(Collected data entries)
____________

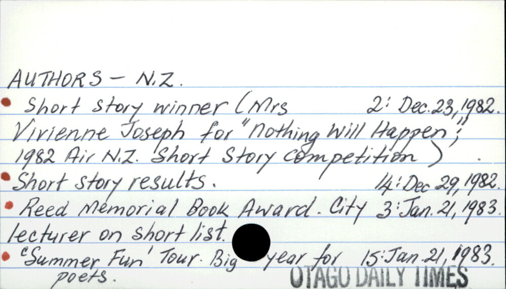 Dunedin Public Libraries (25th Sep 2018). AUTHORS - N. Z. . In Website Dunedin Public Libraries. Retrieved 2nd Apr 2026 17:45, from https://dunedin.recollect.co.nz/nodes/view/8386
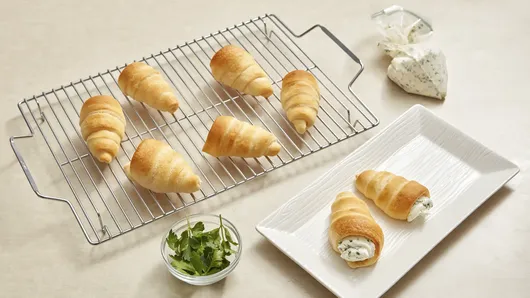 Step4In medium bowl, beat cream cheese, parsley, chives, lemon peel and salt with electric mixer on medium speed until smooth and combined. Pipe or spoon cream cheese mixture into cavity of each crescent. Top with 2 sprigs parsley for carrot top.
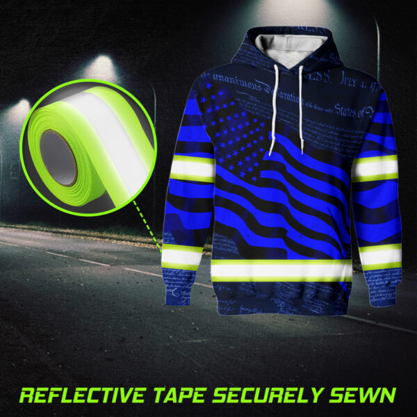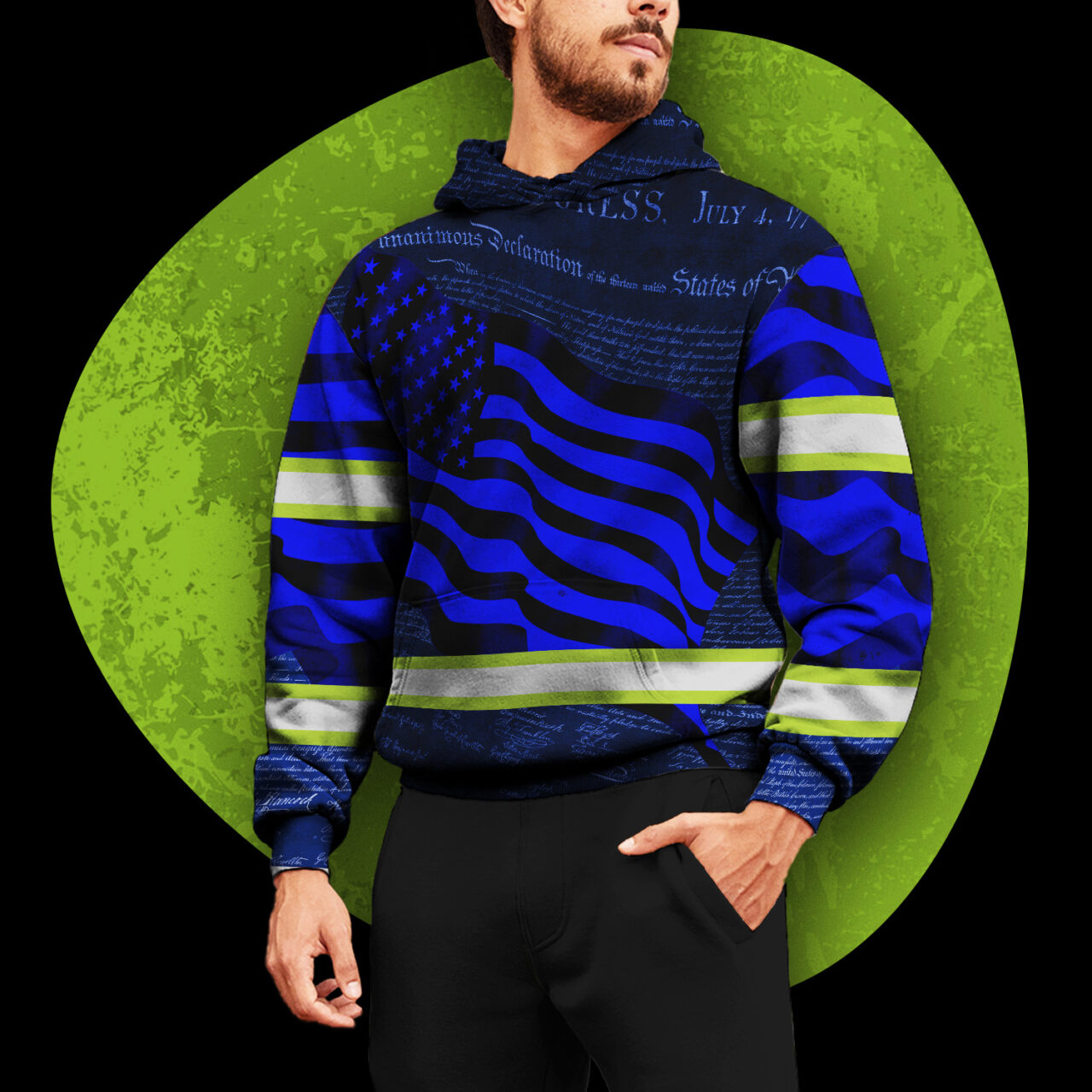 Hi Vis Hoodie Reflective Blue Neon Independence USA Flag
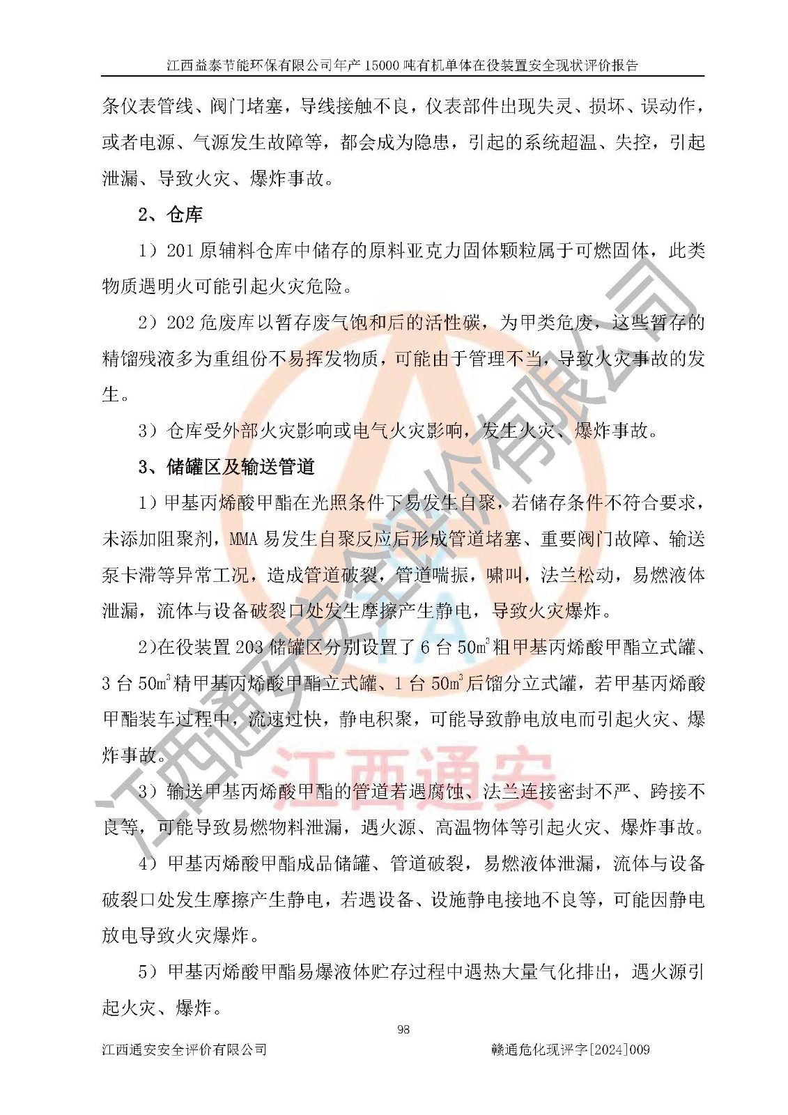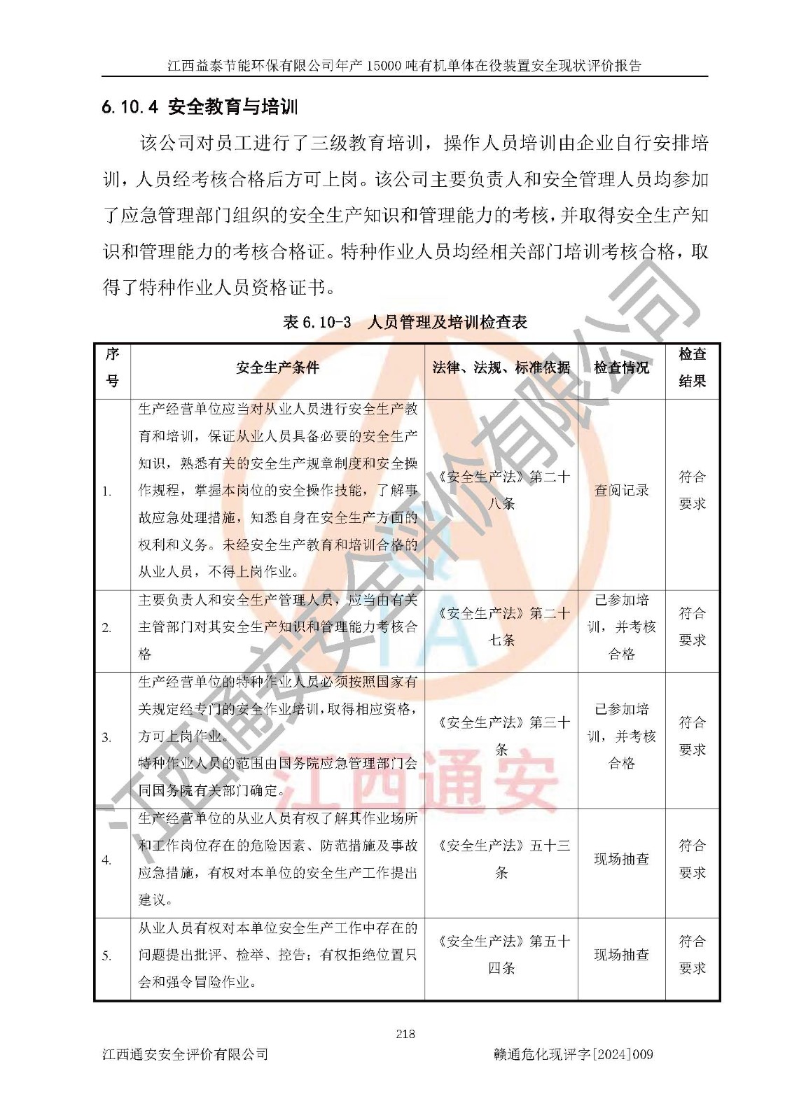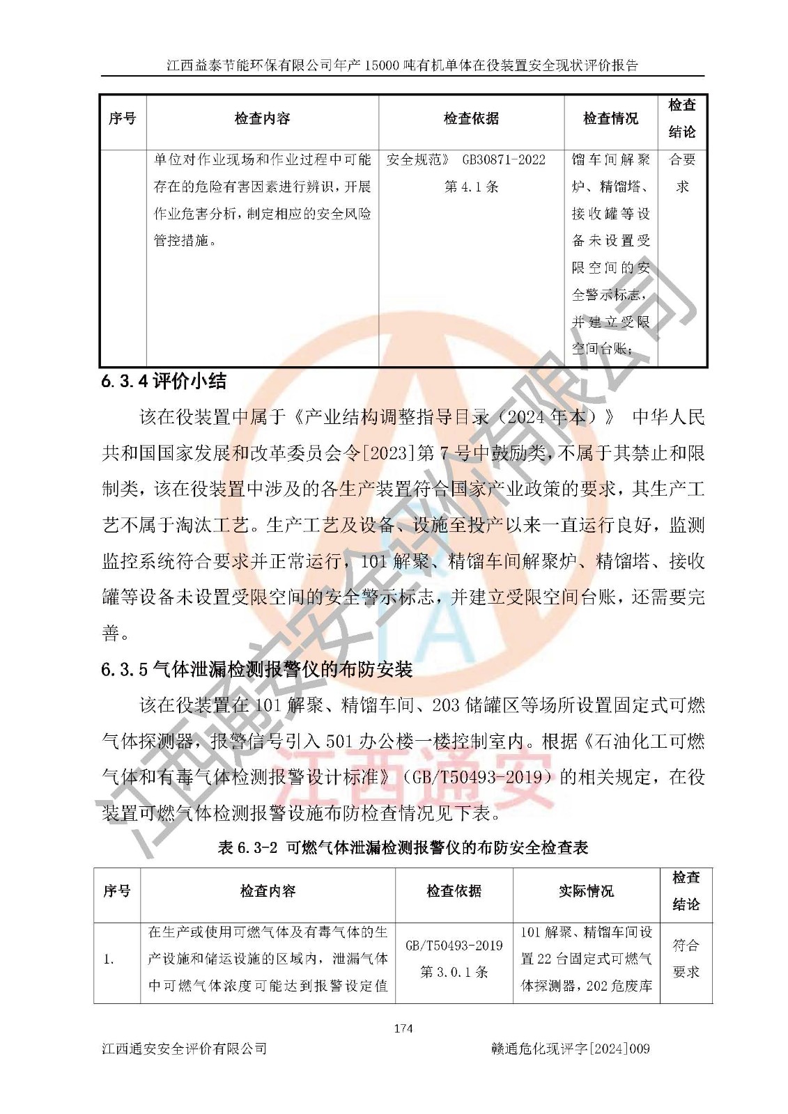 评价结论 | 江西益泰节能**有限公司年产15000吨有机单体在役装置符合**产业政策,总平面布置符合《建筑设计防火规范(2018年版)》GB50016-2014等标准、规范的要求;勘查现场时,生产车间(含车间内的生产设备设施)、仓库、储罐区的布置情况与安全设施图纸一致,现有控制系统与自动化提升方案之前设计一致,并**运行;该公司主要负责人专业,主管安全负责人和安全生产管理人员学历,目前正在专业、学历提升中,其他相关从业人员符合《江西省危险化学品安全专项整治三年行动实施方案》专业、学历要求;该公司采用成熟的生产工艺和设备;该公司对生产过程中存在事故风险的设施和场所采取了一系列的合理可行的防护措施和安全管理,近期通过对存在的安全隐患问题进行了整改,使生产、储存过程中的危险有害因素能得到**控制,安全设施符合**现行有关法律、法规、标准的要求。 评价结论:本报告认为,江西益泰节能**有限公司年产15000吨有机单体在役装置的安全设施及安全管理符合**及有关部门关于安全生产法律、法规、标准的要求,针对本报告提出的问题,企业已完成整改,其安全风险是受控制的,其风险程度是可以接受的,安全现状符合安全生产条件,能够满足安全生产的要求。 | |||
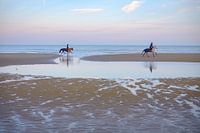 Paarden op het strand van Koksijde (België) met de kleuren van een zonsopkomst in de lucht.
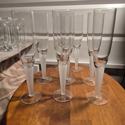 Eksklusive champagneglass fra Boda Nova Select-serien, designet av Liselotte Henriksen, høyde 22,5 cm, diameter 4,5 cm. Modellnummer 16723.
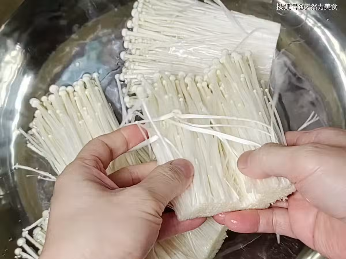 3、把清洗乾淨的金針菇平鋪在砂鍋中,這個時候的金針菇看起來好像很多,但是這個金針菇煮一下後就會縮水而變得很少。
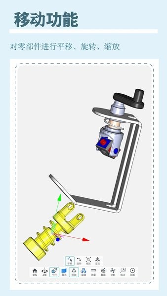无需安装cad软件,在手机上即可快捷浏览jt、ug、catia、pro/e等3d模型,支持3d模型的装配结构查看、精准测量、零件操控、模型分解等可视化功能。
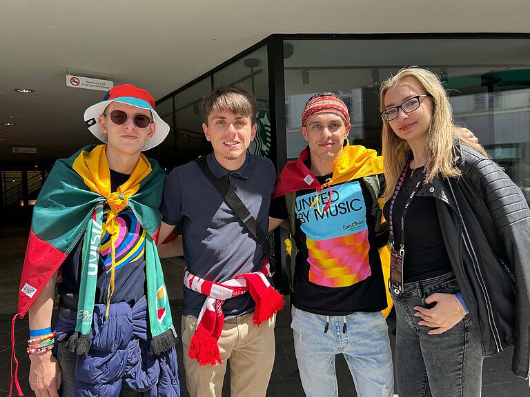 Airidas (links) kommt aus Litauen und ist grosser ESC-Fan. 2012 lernte er über ein Online-Forum Karolis (zweiter von rechts), auch aus Litauen, kennen. Später stiessen Aleksander aus Dänemark (zweiter von links) und Edita zur Gruppe hinzu. Gemeinsam reisen sie in die Gastgeber-Länder./>
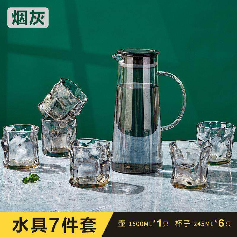 北欧风大容量耐热玻璃冷水壶喝水杯7件套凉水壶家用客厅用轻奢

____________

Write the records out again exactly as shown above, keeping no pictures.

 Dunedin Public Libraries (25th Sep 2018). AUTHORS - N. Z. . In Website Dunedin Public Libraries. Retrieved 2nd Apr 2026 17:45, from https://dunedin.recollect.co.nz/nodes/view/8386
 Step4In medium bowl, beat cream cheese, parsley, chives, lemon peel and salt with electric mixer on medium speed until smooth and combined. Pipe or spoon cream cheese mixture into cavity of each crescent. Top with 2 sprigs parsley for carrot top.
 Hi Vis Hoodie Reflective Blue Neon Independence USA Flag
 评价结论 | 江西益泰节能**有限公司年产15000吨有机单体在役装置符合**产业政策,总平面布置符合《建筑设计防火规范(2018年版)》GB50016-2014等标准、规范的要求;勘查现场时,生产车间(含车间内的生产设备设施)、仓库、储罐区的布置情况与安全设施图纸一致,现有控制系统与自动化提升方案之前设计一致,并**运行;该公司主要负责人专业,主管安全负责人和安全生产管理人员学历,目前正在专业、学历提升中,其他相关从业人员符合《江西省危险化学品安全专项整治三年行动实施方案》专业、学历要求;该公司采用成熟的生产工艺和设备;该公司对生产过程中存在事故风险的设施和场所采取了一系列的合理可行的防护措施和安全管理,近期通过对存在的安全隐患问题进行了整改,使生产、储存过程中的危险有害因素能得到**控制,安全设施符合**现行有关法律、法规、标准的要求。 评价结论:本报告认为,江西益泰节能**有限公司年产15000吨有机单体在役装置的安全设施及安全管理符合**及有关部门关于安全生产法律、法规、标准的要求,针对本报告提出的问题,企业已完成整改,其安全风险是受控制的,其风险程度是可以接受的,安全现状符合安全生产条件,能够满足安全生产的要求。 | |||
 Paarden op het strand van Koksijde (België) met de kleuren van een zonsopkomst in de lucht.
 Eksklusive champagneglass fra Boda Nova Select-serien, designet av Liselotte Henriksen, høyde 22,5 cm, diameter 4,5 cm. Modellnummer 16723.
 3、把清洗乾淨的金針菇平鋪在砂鍋中,這個時候的金針菇看起來好像很多,但是這個金針菇煮一下後就會縮水而變得很少。
无需安装cad软件,在手机上即可快捷浏览jt、ug、catia、pro/e等3d模型,支持3d模型的装配结构查看、精准测量、零件操控、模型分解等可视化功能。
 Airidas (links) kommt aus Litauen und ist grosser ESC-Fan. 2012 lernte er über ein Online-Forum Karolis (zweiter von rechts), auch aus Litauen, kennen. Später stiessen Aleksander aus Dänemark (zweiter von links) und Edita zur Gruppe hinzu. Gemeinsam reisen sie in die Gastgeber-Länder./>
 北欧风大容量耐热玻璃冷水壶喝水杯7件套凉水壶家用客厅用轻奢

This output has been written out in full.